** DATA UNDER STUDY follows **

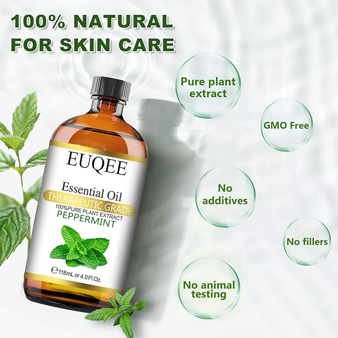 EUQEE Peppermint Essential Oil 118 ml Pure Peppermint Oil with Glass Dropper, Great for Aromatherapy, Diffuser, Soap Candle Making - 4Fl. Oz
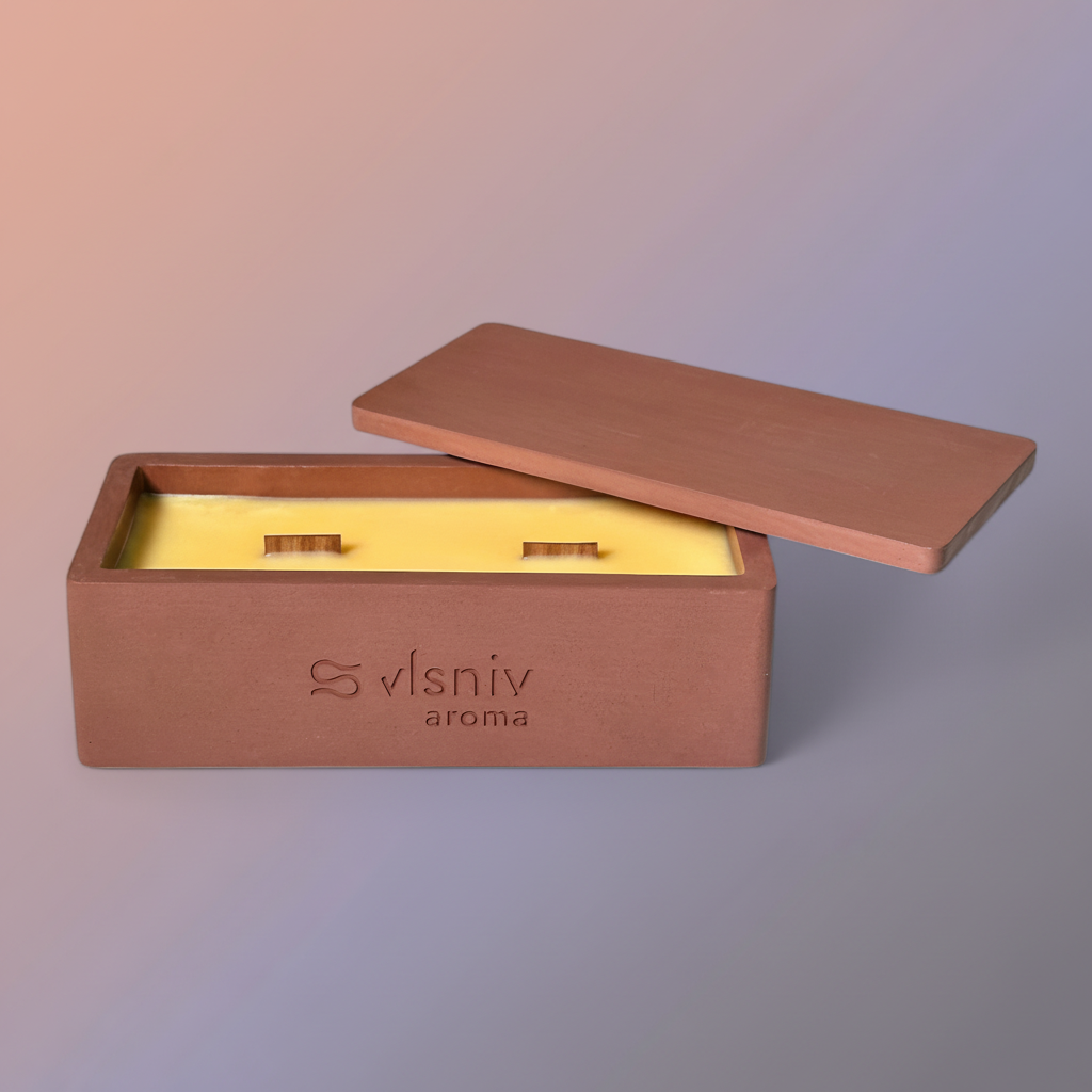 Соєвий віск, дерев'яний ґніт, сертифікована ароматична олія преміум класу.
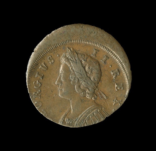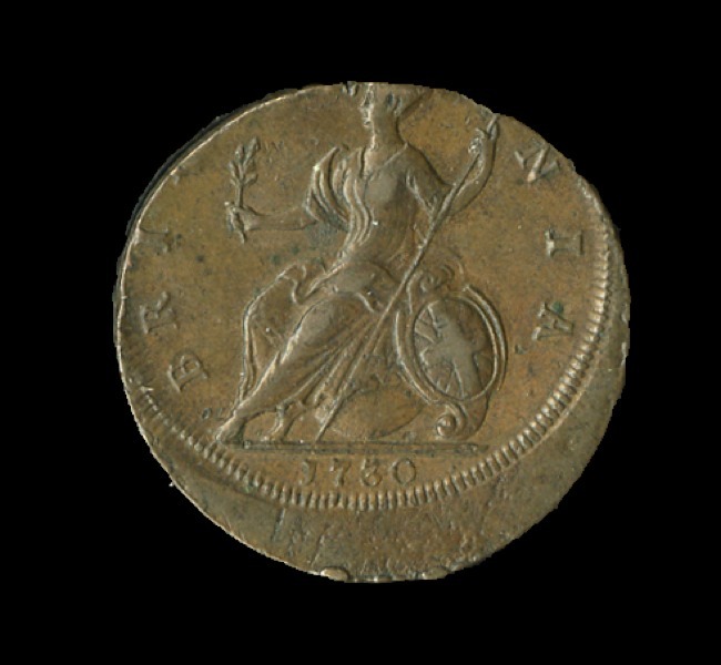 Great Britain. George II (1727-1760). Halfpenny, 1730. Off center, 15%. Young laureate and cuirassed bust l., rev. Britannia seated l. S.3717, KM 566. A few tiny surface pecks. Dark café au lait. Extremely Fine.
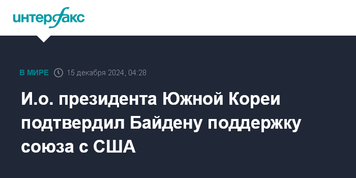И.о. президента Южной Кореи подтвердил Байдену поддержку союза с США
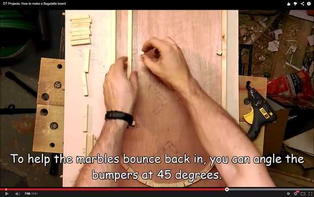 Si desea animar a mármoles a rebotar hacia atrás en los lados, pegar tus piezas tope a 45 grados hacia el borde.
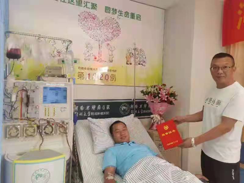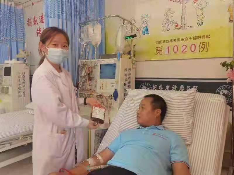 献血113次的“献血达人”赵彦青9月13日在省肿瘤医院捐献造血干细胞,救助一位16岁花季少年血液病患者的生命。赵彦青成为河南省第1020位造血干细胞捐献者。
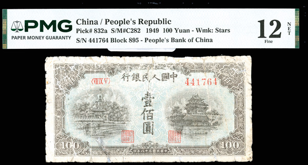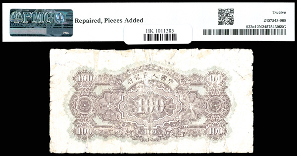 1211 imageChina, 1949 100 Yuan - Wmk: Stars, China / People's Republic, S/M#C282, PMG 12 Fine NET (Pick-832a), repaired; pieces added. (Image1) (Image2) (All Images)
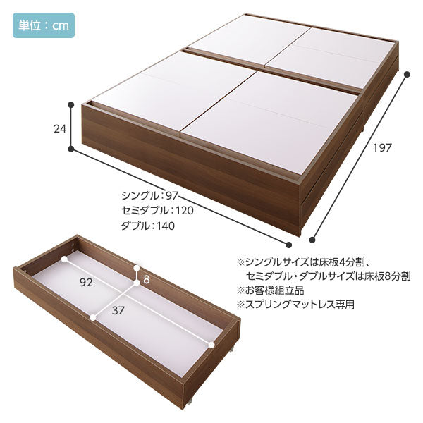 - シングルサイズは床板4分割、セミダブル・ダブルサイズは床板8分割になります。
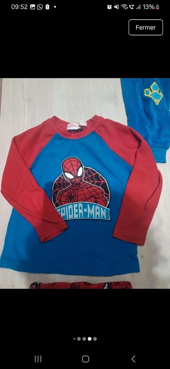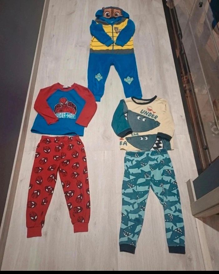 🦈 1 pyjama requin Du Pareil Au Même – 5 ans Porté 1 à 2 fois, état impeccable. 🕷️ 1 pyjama Spider-Man – 3/4 ans (104 cm) Très bon état. 🐾 1 pyjama combinaison Pat’ Patrouille avec capuche – 3/4 ans (104 cm) Porté 2 à 3 fois, aucun trou, très bon état. 🏡 Maison non fumeur, première main, pas d’animaux. 👕 D’autres vêtements garçon sur #laul57garcon4ans
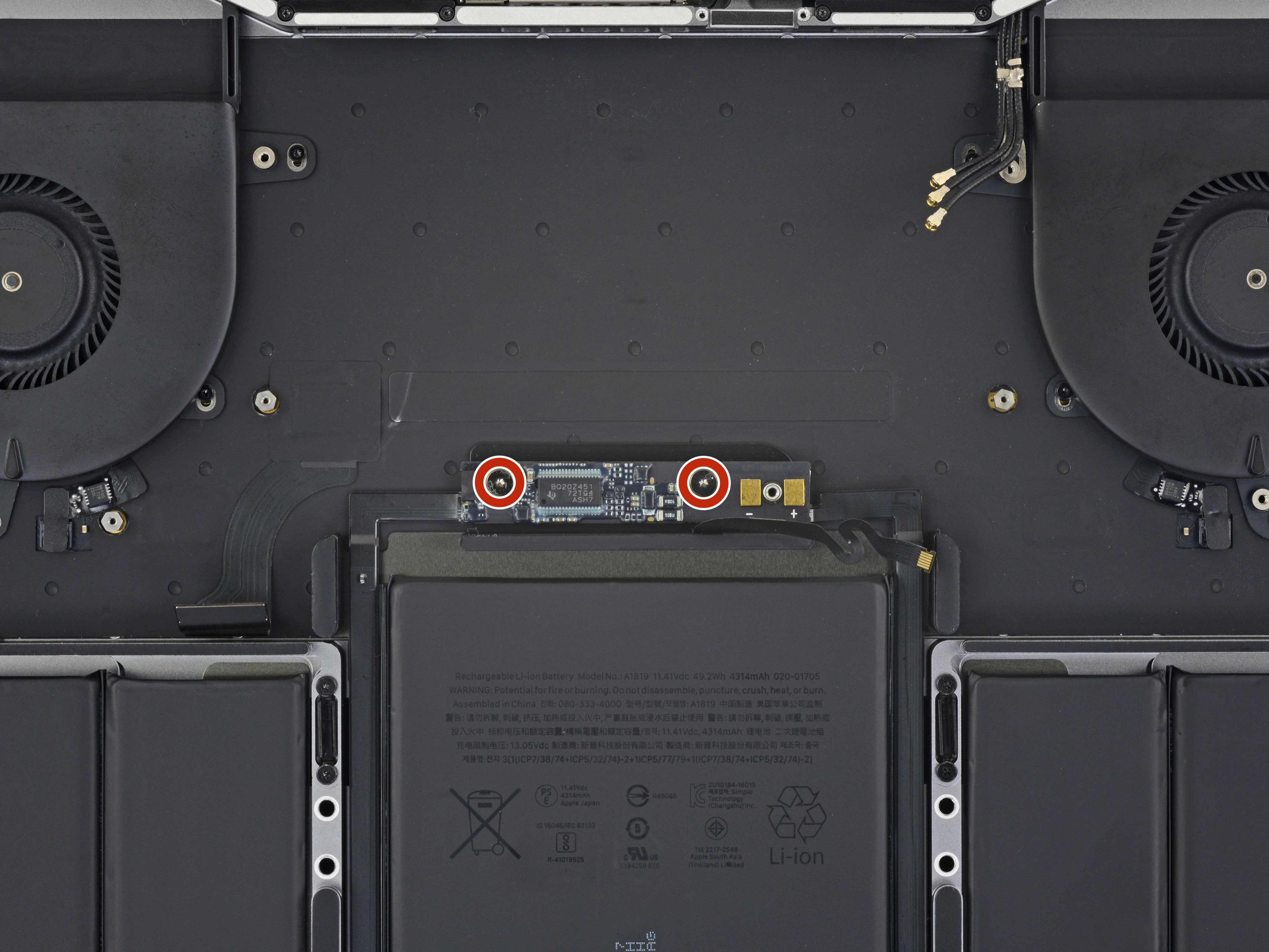 - Use a T5 Torx driver to remove the two 3.2 mm screws from the battery board.
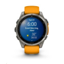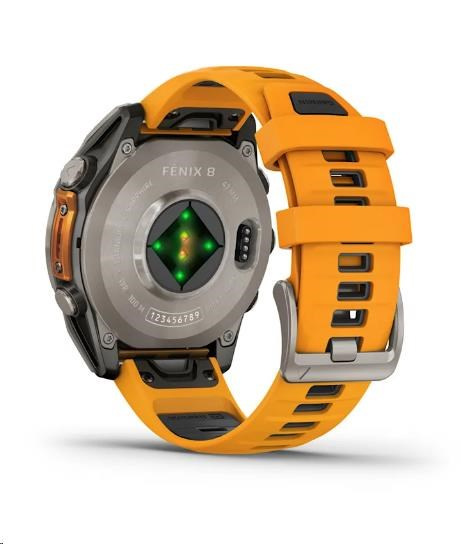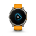 Popis Garmin fenix® 8 – 47 mm, AMOLED, Sapphire, Titanium s Orange/Graphite silikonovým řemínkem, EU

** End of DATA UNDER STUDY **

▸ **EXERCISE OBJECTIVE**: Find the line holding "Great Britain. George" in the data above. Retype it and every later line exactly, through the end, but not the pictures.

▸ **RESPONSE TO THIS EXERCISE**:
 Great Britain. George II (1727-1760). Halfpenny, 1730. Off center, 15%. Young laureate and cuirassed bust l., rev. Britannia seated l. S.3717, KM 566. A few tiny surface pecks. Dark café au lait. Extremely Fine.
И.о. президента Южной Кореи подтвердил Байдену поддержку союза с США
 Si desea animar a mármoles a rebotar hacia atrás en los lados, pegar tus piezas tope a 45 grados hacia el borde.
 献血113次的“献血达人”赵彦青9月13日在省肿瘤医院捐献造血干细胞,救助一位16岁花季少年血液病患者的生命。赵彦青成为河南省第1020位造血干细胞捐献者。
 1211 imageChina, 1949 100 Yuan - Wmk: Stars, China / People's Republic, S/M#C282, PMG 12 Fine NET (Pick-832a), repaired; pieces added. (Image1) (Image2) (All Images)
 - シングルサイズは床板4分割、セミダブル・ダブルサイズは床板8分割になります。
 🦈 1 pyjama requin Du Pareil Au Même – 5 ans Porté 1 à 2 fois, état impeccable. 🕷️ 1 pyjama Spider-Man – 3/4 ans (104 cm) Très bon état. 🐾 1 pyjama combinaison Pat’ Patrouille avec capuche – 3/4 ans (104 cm) Porté 2 à 3 fois, aucun trou, très bon état. 🏡 Maison non fumeur, première main, pas d’animaux. 👕 D’autres vêtements garçon sur #laul57garcon4ans
 - Use a T5 Torx driver to remove the two 3.2 mm screws from the battery board.
 Popis Garmin fenix® 8 – 47 mm, AMOLED, Sapphire, Titanium s Orange/Graphite silikonovým řemínkem, EU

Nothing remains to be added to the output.